Всего через минуту их глаза привыкли к темноте после газовых светильников. Вдалеке они разглядели крохотный желтый огонек — он подпрыгивал, как мотылек у оконного стекла. Люсьен поднял сигнальный фонарь и направил его так, чтобы Анри было видно, как он сначала поднес палец к губам, а потом махнул — вперед, мол. Луч он направил вниз — их ноги едва отбрасывали тени. Они двинулись за огоньком во тьме, Анри отчетливо переваливался, чтобы не так громко хромать. К тому же, без трости ему было трудно.
По временам огонек исчезал, и они вглядывались в темную даль, стараясь различить искорку. Анри тогда вспоминал, как совсем маленьким закрывал по вечерам глаза, чтобы уснуть, и по векам изнутри, как призраки, скользили образы. Не остаточные изображения, не воспоминания, а то, что он по-настоящему видел в абсолютном мраке ночи и детства.

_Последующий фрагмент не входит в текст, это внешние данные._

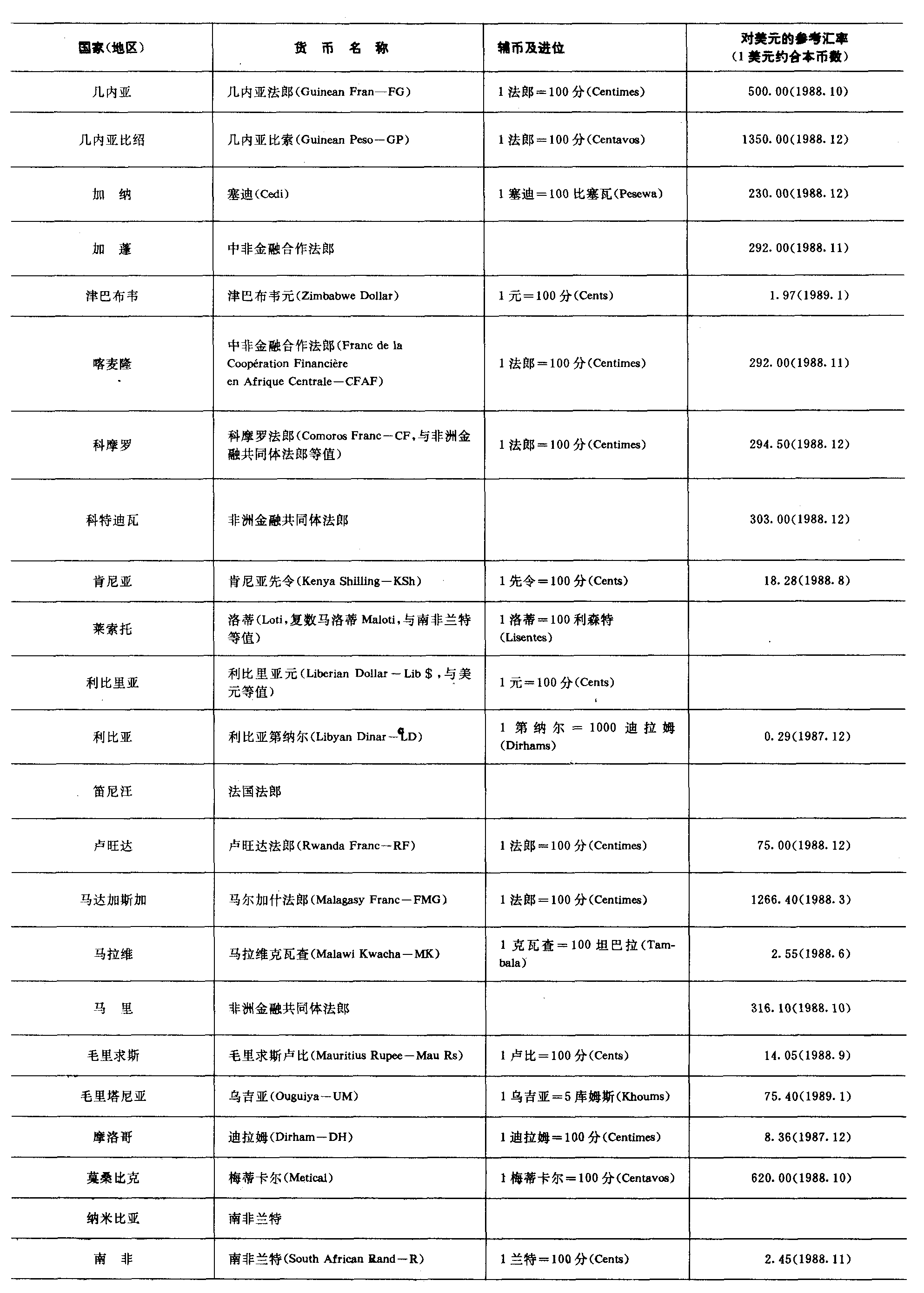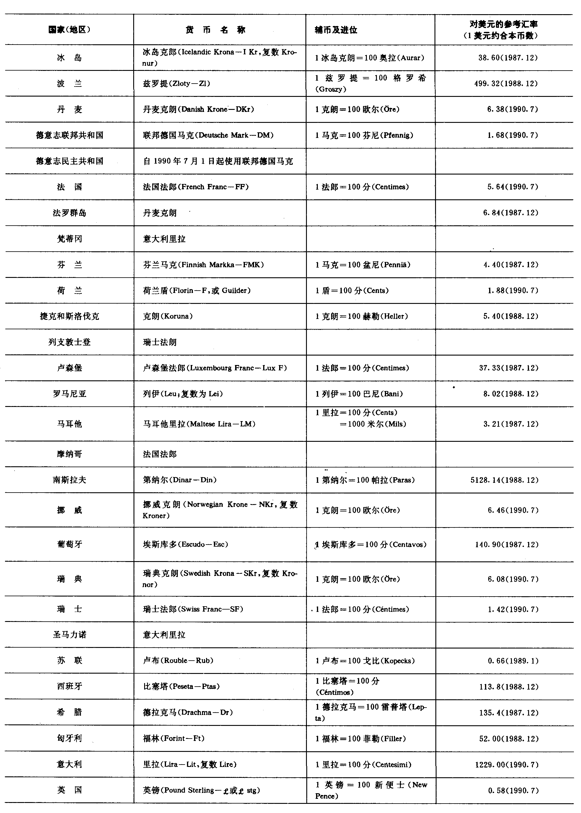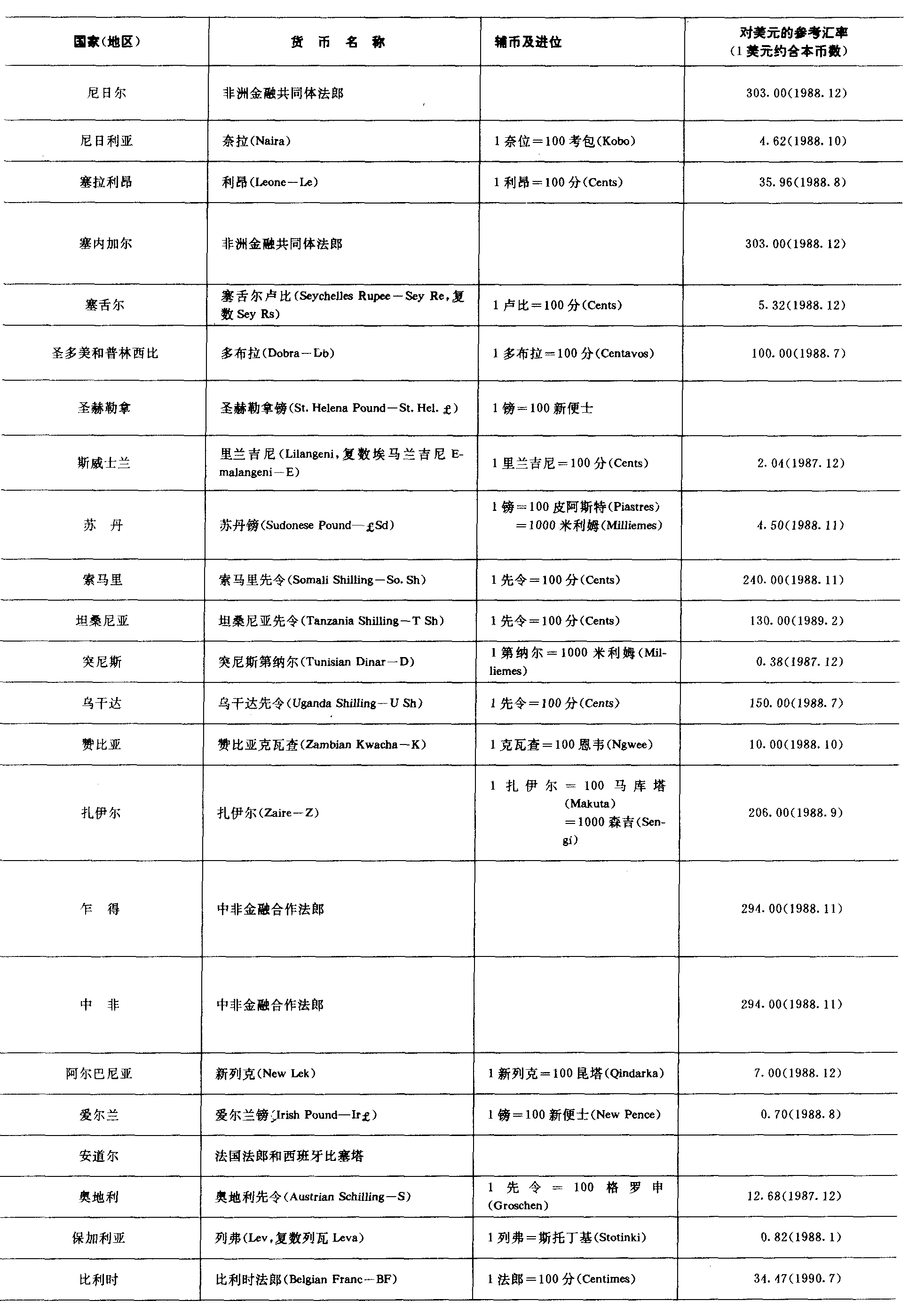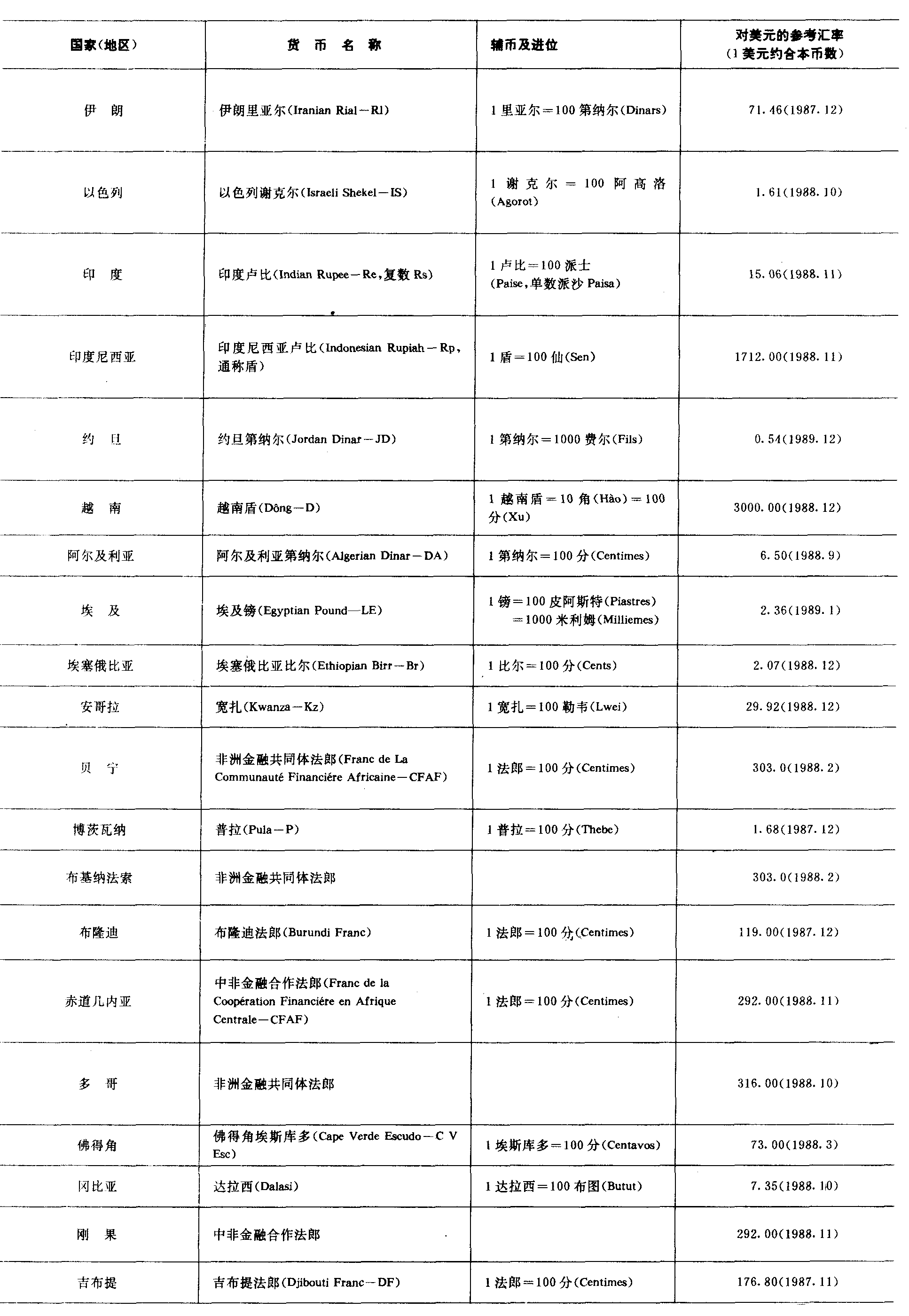 释义 | 中国百科大辞典︱6. 世界各国和地区本位币名一览表 6. 世界各国和地区本位币名一览表

И вот, пока они осторожно и тихо ступали по ровным пыльным полам подземелья, образы эти снова к нему вернулись. Он помнил, как в непроглядной черноте мелькала электрическая синева, иногда к нему обращалось какое-то лицо — не воображаемый дух, не что-то придуманное, а реальная фигура, сотканная из тьмы и синевы, выскакивала на него из нескончаемого ничто, и он вскрикивал. Вот когда впервые, понял Анри, он увидел Священную Синь — это было здесь, в Катакомбах. Не на картине, не в церковном витраже, не на косынке рыжей — нет, она бросалась на него из тьмы. И только теперь он осознал, почему готов убить Красовщика. Не потому, что он — зло, не потому что жесток или держит музу в рабстве. Потому что он пугает. Анри теперь точно знал: если сможет — он положит кошмару конец.
— Ты сможешь нас отсюда вывести по карте? — прошептал Люсьен, едва не касаясь губами уха Анри.

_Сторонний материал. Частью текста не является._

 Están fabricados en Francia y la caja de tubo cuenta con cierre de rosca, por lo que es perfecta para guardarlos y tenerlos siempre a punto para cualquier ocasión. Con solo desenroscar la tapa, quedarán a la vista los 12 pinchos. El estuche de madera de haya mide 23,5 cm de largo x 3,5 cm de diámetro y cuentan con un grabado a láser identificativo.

— Если только фонарь поярче сделаем, — прошептал в ответ Тулуз-Лотрек. — Здесь все камеры должны быть помечены, как улицы наверху.
Огонек Красовщика на секунду перестал подскакивать, и Люсьен остановил Анри, выставив назад руку. Линзу сигнального фонаря он закрыл вообще. В темноте закричал осел, и только по раздавшемуся эху они поняли, что на огонек Красовщика они смотрят не вдоль длинного узкого тоннеля, а через огромный сводчатый зал. Очень нежно, медленно, гася щелчок ладонью, Анри закрыл казенную часть двустволки. Слабо щелкнуло все равно, и они замерли, но Красовщик на их присутствие не отреагировал, как они было решили: он водил лучом своей лампы по стене. В пятне света нарисовалось тяжелое кольцо, вделанное в камень.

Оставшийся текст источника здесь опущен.